───── Supplied material ─────
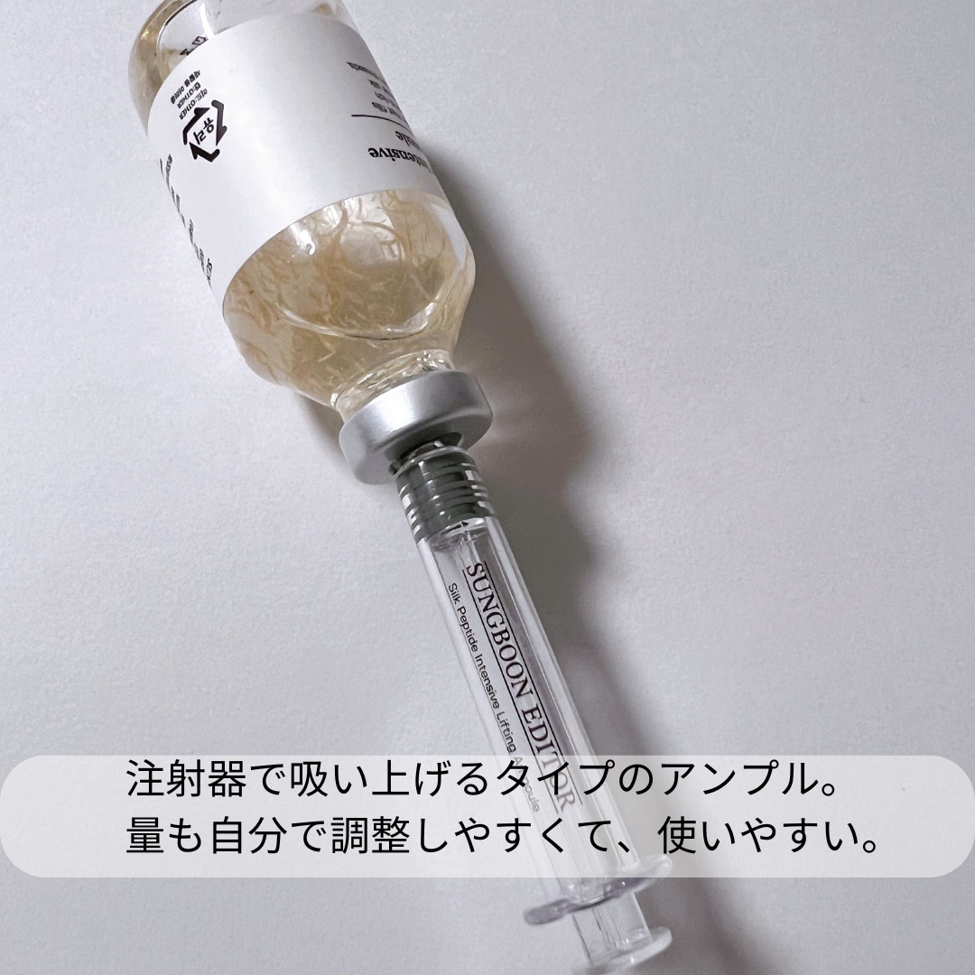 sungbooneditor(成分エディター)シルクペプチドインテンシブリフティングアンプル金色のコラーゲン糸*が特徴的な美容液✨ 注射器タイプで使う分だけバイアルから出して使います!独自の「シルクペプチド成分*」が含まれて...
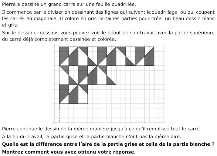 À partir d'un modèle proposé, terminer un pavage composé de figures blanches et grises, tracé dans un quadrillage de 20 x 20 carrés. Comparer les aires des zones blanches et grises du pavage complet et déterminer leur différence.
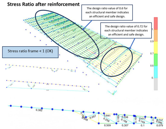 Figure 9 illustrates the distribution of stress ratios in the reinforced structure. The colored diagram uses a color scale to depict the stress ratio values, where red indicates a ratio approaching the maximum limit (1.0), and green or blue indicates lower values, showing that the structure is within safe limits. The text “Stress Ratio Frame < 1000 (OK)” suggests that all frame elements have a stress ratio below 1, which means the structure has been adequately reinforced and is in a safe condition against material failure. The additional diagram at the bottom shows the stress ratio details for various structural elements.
─────
#### What is required
When you reach an image, pass over it, and retype all other material exactly.

#### Result
 sungbooneditor(成分エディター)シルクペプチドインテンシブリフティングアンプル金色のコラーゲン糸*が特徴的な美容液✨ 注射器タイプで使う分だけバイアルから出して使います!独自の「シルクペプチド成分*」が含まれて...
 À partir d'un modèle proposé, terminer un pavage composé de figures blanches et grises, tracé dans un quadrillage de 20 x 20 carrés. Comparer les aires des zones blanches et grises du pavage complet et déterminer leur différence.
 Figure 9 illustrates the distribution of stress ratios in the reinforced structure. The colored diagram uses a color scale to depict the stress ratio values, where red indicates a ratio approaching the maximum limit (1.0), and green or blue indicates lower values, showing that the structure is within safe limits. The text “Stress Ratio Frame < 1000 (OK)” suggests that all frame elements have a stress ratio below 1, which means the structure has been adequately reinforced and is in a safe condition against material failure. The additional diagram at the bottom shows the stress ratio details for various structural elements.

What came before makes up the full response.